Агония Иванова - Украденные воспоминания
— Хорошая идея, — оценил я и снова включил вентилятор, чтобы он немного погонял по комнате горячий воздух.
— … или умереть, — сдавленно произнесла Света. Она лежала с открытыми глазами и они блестели в темноте так, словно она плачет.
— Нет. Оставь это, пожалуйста, — я наклонился над ней, чтобы заглянуть ей в лицо и провел ладонью по ее идеально гладкой коже, как у ребенка. Впрочем, для меня она навсегда останется ребенком, даже когда ее светлые волосы станут серебряными от седины. Если мы доживем до этого времени, конечно. Но мне хотелось верить, что доживем.

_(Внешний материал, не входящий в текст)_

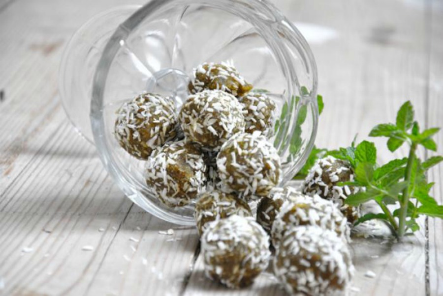 Blötlägg cashewnötterna. Mixa cashewnötterna tillsammans med russin/aprikoserna, tillsätt kokos, skalet från en ekologisk lime samt dess saft och Supergreens.
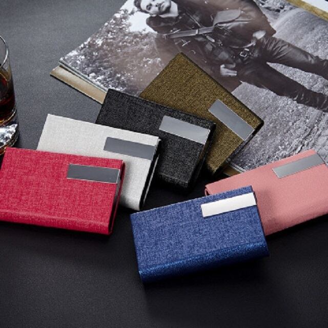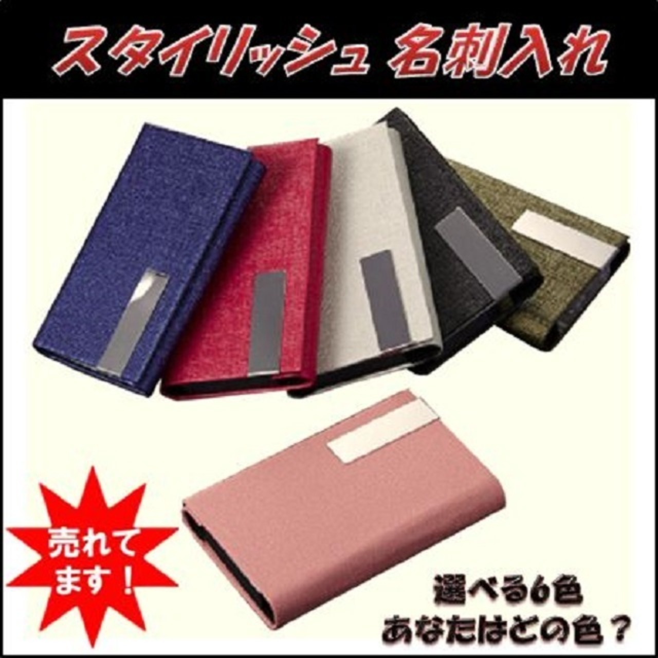 スタイリッシュ 名刺入れ 選べる6色 表面 PU レザー ステンレス おしゃれ カード ホルダー ( ピンク )

— Хорошо, — легко согласилась девушка и расслабилась. Она не могла спорить со мной, слишком сильным было мое влияние на нее. Теперь она старательно прогоняла прочь мысли о смерти, так часто посещавшие ее светлую голову.
Я взял прядь ее длинных белых волос, в темноте отливавших лунным серебром, и жадно вдохнул их аромат, мне казалось, что пахнут они арктическим холодом. Они были такими холодными и нежными на ощупь, как снег… Меня опьяняло это ощущение. Сводило с ума. Становилось еще жарче. Еще чуть-чуть и я сгорю заживо.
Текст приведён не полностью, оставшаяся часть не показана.